People are increasingly glued to their smartphones, texting even as they walk, which has inspired a wide range of studies: some have shown that they can multitask and navigate around obstacles while other have shown that they are more likely to walk into traffic. But how likely are they to avoid a fall if they slip? University of New South Wales (UNSW) researchers investigated this by simulating an environment with random slipping threats, and reported in the journal Heliyon that texting increases the risk of falling in response to walkway hazards.

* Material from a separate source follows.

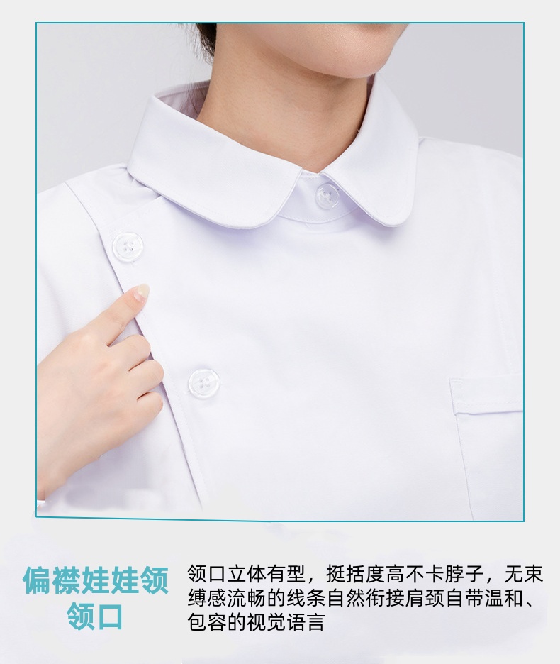 偏襟领娃娃领 护士分体式女款 蓝白粉 长袖

“On any day it seems as many as 80% of people, both younger and older, may be head down and texting. I wondered: is this safe?” says senior author Matthew A. Brodie, a neuroscientist and engineer at the UNSW Graduate School of Biomedical Engineering. “This has made me want to investigate the dangers of texting while walking. I wanted to know if these dangers are real or imagined and to measure the risk in a repeatable way.”
The team recruited 50 UNSW undergraduate students from his “Mechanics of the Human Body” course for this experiment. Brodie and co-author Yoshiro Okubo invented a tiled hazard walkway at Neuroscience Research Australia’s gait laboratory, which halfway through had a tile that could be adjusted to slide out of place and cause a person stepping on it to slip. Students wore a safety harness and sensors that collected their motion data. They then were asked to go along the walkway either without texting or while typing “The quick brown fox jumps over the lazy dog.”

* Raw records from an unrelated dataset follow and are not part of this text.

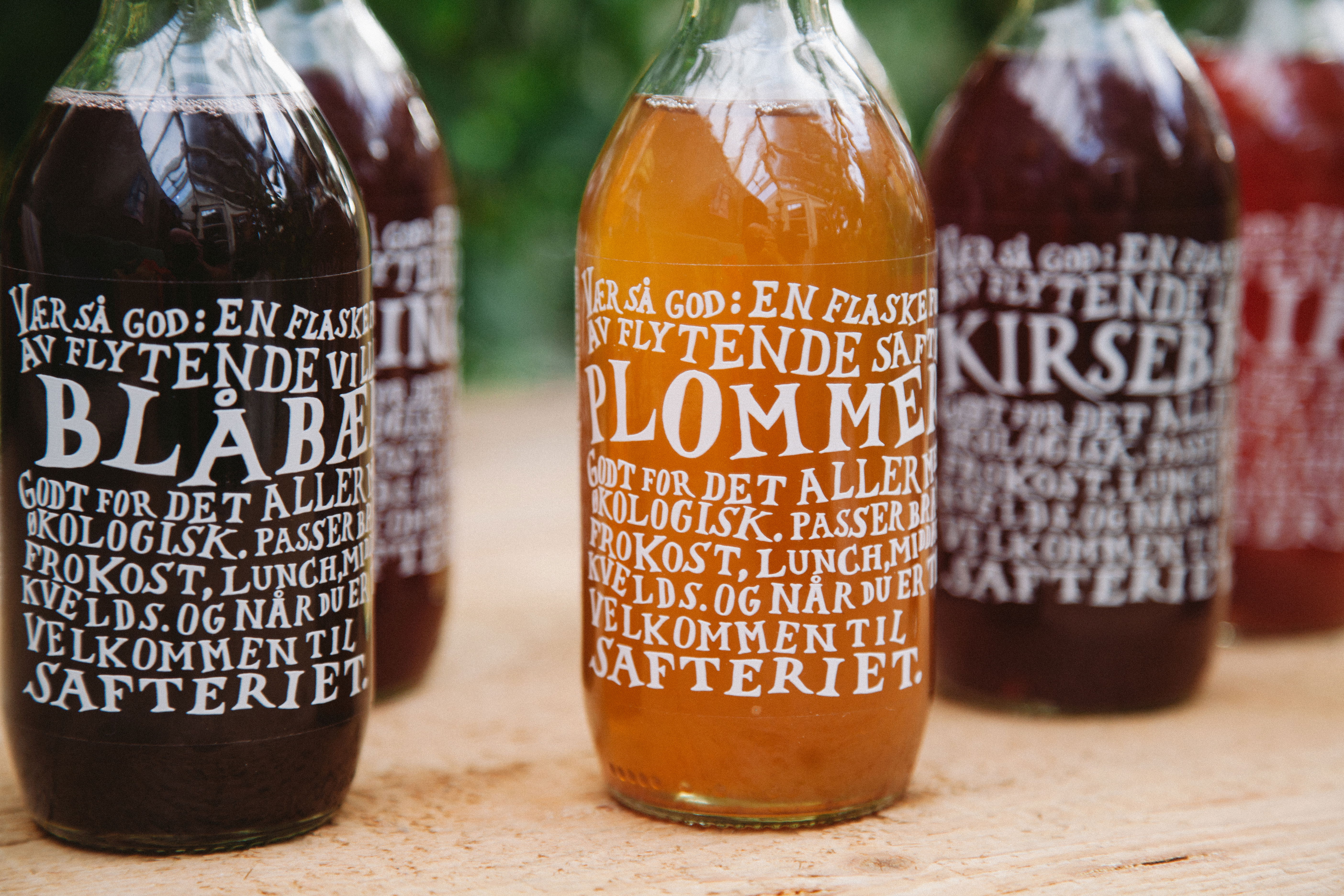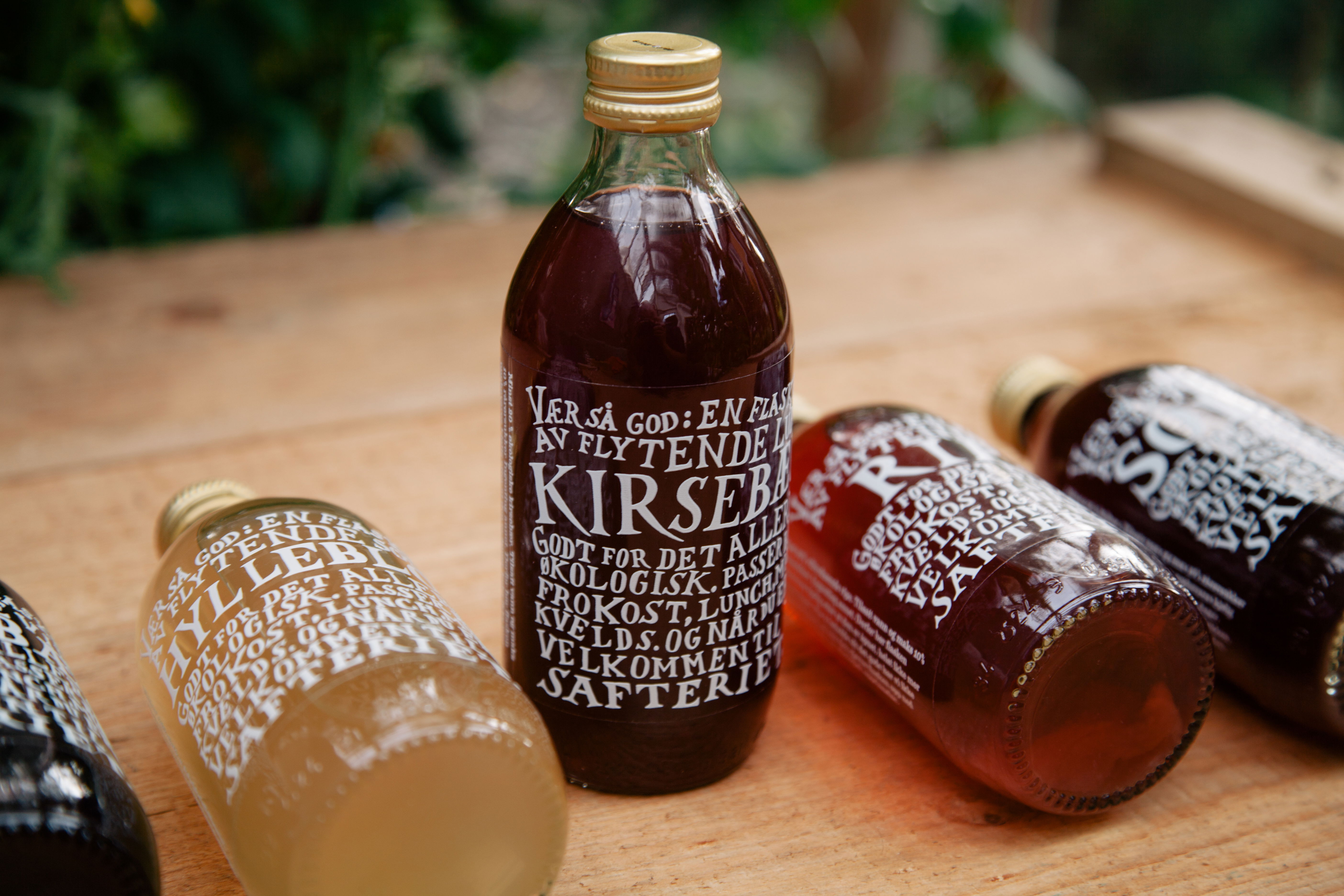 Vi fikk oppgaven og valgte å designe etiketter til et godt kjent, økologisk safteri som holder til i Stavanger. Etikettene ble håndtegnet og tilpasset både flaskenes form og det som er inni, og var tenkt å framheve råsaften som til nå hadde vært skjult bak tradisjonelle papiretiketter – men først og fremst ble de designet for å kunne vise fram det beste trykkeriet kan levere til matbransjen.
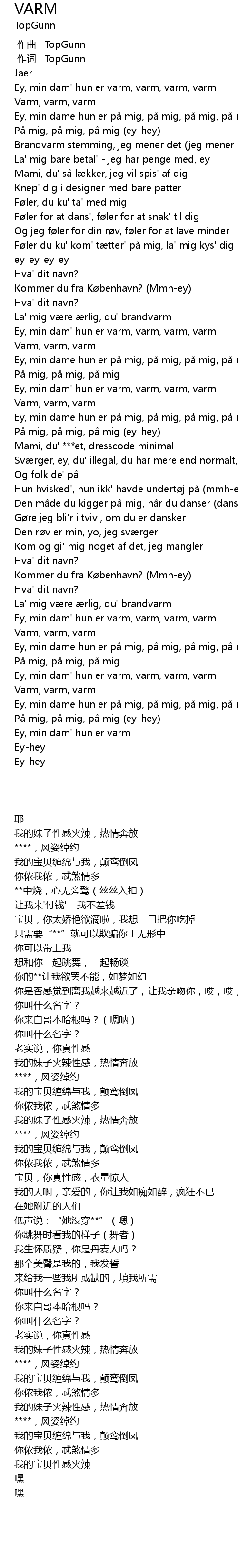 | [00:08.60] | Ey, min dam' hun er varm, varm, varm, varm |
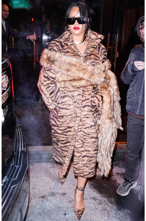 Рианна не так давно прогулялась в шубе Alaïa с тигровым принтом, дополнив лук туфлями с идентичным узором (подробнее ее образ мы уже разбирали ранее).
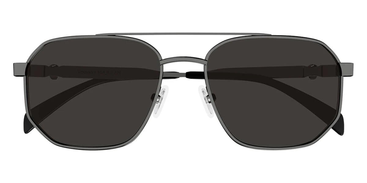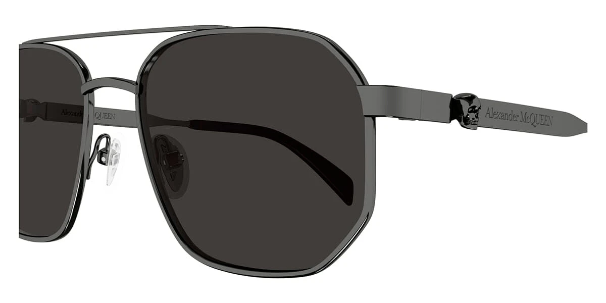 This aviator Alexander McQueen sunglass comes in a ruthenium frame with grey lenses.
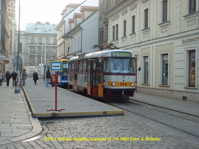 respektive díky nějaké závadě na trolejích však došlo 12. 11. 2003 ke "stržení" několika pantografů.

To better simulate the uncertainty of real life, students were only told that they may or may not slip. This allowed the researchers to study how texting pedestrians might anticipate and try to prevent a potential slip, such as by leaning forward.

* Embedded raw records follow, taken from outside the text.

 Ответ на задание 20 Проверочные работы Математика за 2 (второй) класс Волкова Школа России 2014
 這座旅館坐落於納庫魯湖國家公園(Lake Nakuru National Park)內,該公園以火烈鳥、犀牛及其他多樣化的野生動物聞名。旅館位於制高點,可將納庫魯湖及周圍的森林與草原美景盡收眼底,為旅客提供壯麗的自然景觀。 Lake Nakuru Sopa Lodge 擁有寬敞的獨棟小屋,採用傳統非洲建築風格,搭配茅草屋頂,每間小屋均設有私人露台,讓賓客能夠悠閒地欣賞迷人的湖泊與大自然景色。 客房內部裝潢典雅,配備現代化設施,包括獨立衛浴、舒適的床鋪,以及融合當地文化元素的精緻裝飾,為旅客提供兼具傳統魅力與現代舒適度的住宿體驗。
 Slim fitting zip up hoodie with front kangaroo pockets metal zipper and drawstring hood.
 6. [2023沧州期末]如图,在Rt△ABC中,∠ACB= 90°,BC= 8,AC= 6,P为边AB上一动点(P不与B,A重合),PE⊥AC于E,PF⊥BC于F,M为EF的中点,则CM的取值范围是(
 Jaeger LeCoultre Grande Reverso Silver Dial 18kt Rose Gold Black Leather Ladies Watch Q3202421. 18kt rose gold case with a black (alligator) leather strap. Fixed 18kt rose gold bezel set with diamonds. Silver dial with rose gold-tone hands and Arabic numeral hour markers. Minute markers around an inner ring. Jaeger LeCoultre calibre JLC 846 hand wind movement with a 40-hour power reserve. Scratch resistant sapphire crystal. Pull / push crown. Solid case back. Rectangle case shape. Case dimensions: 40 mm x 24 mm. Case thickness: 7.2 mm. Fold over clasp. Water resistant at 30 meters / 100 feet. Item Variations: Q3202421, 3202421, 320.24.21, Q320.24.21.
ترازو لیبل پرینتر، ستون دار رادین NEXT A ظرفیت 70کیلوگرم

“What surprised me is how differently people responded to the threat of slipping,” says Brodie. “Some slowed down and took a more cautious approach. Others sped up in anticipation of slipping. Such different approaches reinforce how no two people are the same, and to better prevent accidents from texting while walking, multiple strategies may be needed.”
Despite motion data showing that texting participants tried to be more cautious in response to a threat, this did not counteract their risk of falling. When participants went from leaning forwards (such as over a phone) to slipping backwards, their motion sensors showed an increase in the range of their ‘trunk angle’. Researchers used this number to measure whether the texting condition was making students more likely to fall, and they found that the average trunk angle range during a fall significantly increased if a student was texting.
Walking also caused the texters’ accuracy to decrease. The highest texting accuracy occurred when participants were seated, but accuracy decreased even as walking participants were cautioned about a potential slip that did not occur. The lowest accuracy, however, occurred in conditions where participants did slip.
The researchers note that young people may be more likely to take risks even if they are aware that texting and walking could increase their likelihood of falling. For that reason, the authors suggest that educational initiatives such as signs might be less effective in reaching this population. In addition to education, the researchers also suggest that phones could implement locking technology similar to what is used when users are driving. The technology could detect walking activity and activate a screen lock to prevent texting during that time. In future research, the team plans on looking into the effectiveness of this intervention.